Этот предмет, чьи контуры с каждым разом прорисовывались все отчетливее, как будто что-то мне напоминал. Вглядываясь в темные линии, в которых мне чудилось нечто дьявольское, я порой чувствовал, что вот-вот смогу наконец сказать, что именно он мне напоминает, но затем меня охватывало какое-то оцепенение, или мне казалось, что воображение сыграло со мной шутку, и я продолжал молчать. И так было все четыре года, что я созерцал смутный образ, детали которого расползались по листам бумаги; от раза к разу он становился все подробнее и отчетливее, чтобы в конце концов воплотиться, поглотив деньги, которые мы копили столько лет, и огромное количество человеческого труда. Иногда я вроде бы угадывал в нем нечто виденное прежде, наяву или во сне; пару раз мне приходило в голову, будто о чем-то подобном мы говорили в те годы, когда делились воспоминаниями. Но мне так и не удавалось сделать последний шаг, способный придать окончательную четкость моим мыслям; я смирялся с их неясностью и тщетно ждал, когда чудо-оружие само раскроет мне свою тайну. И даже четыре года спустя, когда маленькое пятно на бумаге расползлось в огромное таинственное чудовище размером с мечеть, о котором говорил весь Стамбул, с чем только его ни сравнивая, и которое, по мнению Ходжи, было самым настоящим оружием, я все еще не мог выпутаться из подробностей давнишних рассказов Ходжи о победах, которые будут благодаря этому оружию одержаны.

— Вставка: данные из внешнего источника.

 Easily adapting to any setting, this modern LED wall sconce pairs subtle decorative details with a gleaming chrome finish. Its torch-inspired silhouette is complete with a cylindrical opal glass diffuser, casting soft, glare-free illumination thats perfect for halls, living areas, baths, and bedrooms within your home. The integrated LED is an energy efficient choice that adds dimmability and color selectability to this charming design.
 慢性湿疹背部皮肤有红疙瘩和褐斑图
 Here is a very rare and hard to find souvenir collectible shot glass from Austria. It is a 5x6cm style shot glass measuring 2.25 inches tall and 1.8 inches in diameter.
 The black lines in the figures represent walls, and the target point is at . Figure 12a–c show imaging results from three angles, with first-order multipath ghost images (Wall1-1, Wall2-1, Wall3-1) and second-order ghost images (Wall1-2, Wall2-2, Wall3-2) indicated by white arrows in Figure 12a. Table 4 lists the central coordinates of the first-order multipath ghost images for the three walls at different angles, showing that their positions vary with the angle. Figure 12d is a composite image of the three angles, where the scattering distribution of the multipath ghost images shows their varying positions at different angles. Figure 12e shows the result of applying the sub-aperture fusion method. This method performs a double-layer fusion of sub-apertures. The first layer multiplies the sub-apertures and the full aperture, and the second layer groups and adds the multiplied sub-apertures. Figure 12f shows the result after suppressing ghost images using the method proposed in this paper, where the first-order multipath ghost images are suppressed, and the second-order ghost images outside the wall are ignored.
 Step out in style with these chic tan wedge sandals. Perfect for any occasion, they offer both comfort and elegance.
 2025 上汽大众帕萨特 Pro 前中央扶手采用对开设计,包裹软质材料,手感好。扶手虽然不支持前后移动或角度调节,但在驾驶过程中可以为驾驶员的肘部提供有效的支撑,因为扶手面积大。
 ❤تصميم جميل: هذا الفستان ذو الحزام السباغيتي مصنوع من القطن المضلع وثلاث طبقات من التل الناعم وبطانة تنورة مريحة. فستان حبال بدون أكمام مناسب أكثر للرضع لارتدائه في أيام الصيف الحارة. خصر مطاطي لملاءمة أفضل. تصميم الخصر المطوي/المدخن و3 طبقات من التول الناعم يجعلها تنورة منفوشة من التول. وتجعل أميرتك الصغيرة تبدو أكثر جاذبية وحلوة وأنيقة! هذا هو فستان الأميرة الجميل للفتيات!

Приходя во дворец, я старался пересказывать яркие и страшные подробности султану, словно человек, пытающийся утром вспомнить сон, который так и норовит побыстрее стереться из памяти, и говорил обо всех этих колесах, шестернях, башнях, порохе и рычагах, о которых мне столько раз твердил Ходжа. Слова были не мои, да и пламенной страсти Ходжи в них не ощущалось, однако я видел, что они производят впечатление на султана. А на меня производило впечатление то, что этот человек, которого я считал умным, преисполняется надежды, слушая мои невнятные речи, сочиненные Ходжой восторженно-поэтические описания победы и спасения, которые многое теряли в моем пересказе. Султан говорил, что оставшийся дома Ходжа – это я. Эти игры ума, приводившие меня в изрядное замешательство, уже успели мне надоесть. Когда султан утверждал, что я – это Ходжа, лучше было в это не вдумываться, потому что вскоре он заявлял, что это я всему научил Ходжу. Не теперешний, вялый я, конечно, а тот, что был раньше, тот, который изменил Ходжу! Эх, думал я, поговорили бы мы лучше о животных, о сегодняшних развлечениях и увеселениях или о готовящемся праздничном шествии ремесленников. И тут султан однажды сказал: ни для кого не тайна, что вся затея с чудо-оружием на самом деле замыслена мной.
Вот это меня и пугало больше всего. Ходжа уже несколько лет нигде не показывался, его почти забыли, а рядом с султаном во дворцах, в особняках, в городе видели меня – и мне уже начали завидовать! Дело тут было не только в том, что на малопонятную затею, о которой с каждым днем ходило все больше слухов, шли доходы с десятков деревень, оливковых рощ и постоялых дворов, или в том, что я стал так близок к султану, – занявшись оружием, мы с Ходжой вторглись в чужие владения, а я при этом еще и был гяуром. Когда у меня уже не оставалось сил выслушивать клевету, я делился своей тревогой с Ходжой и султаном.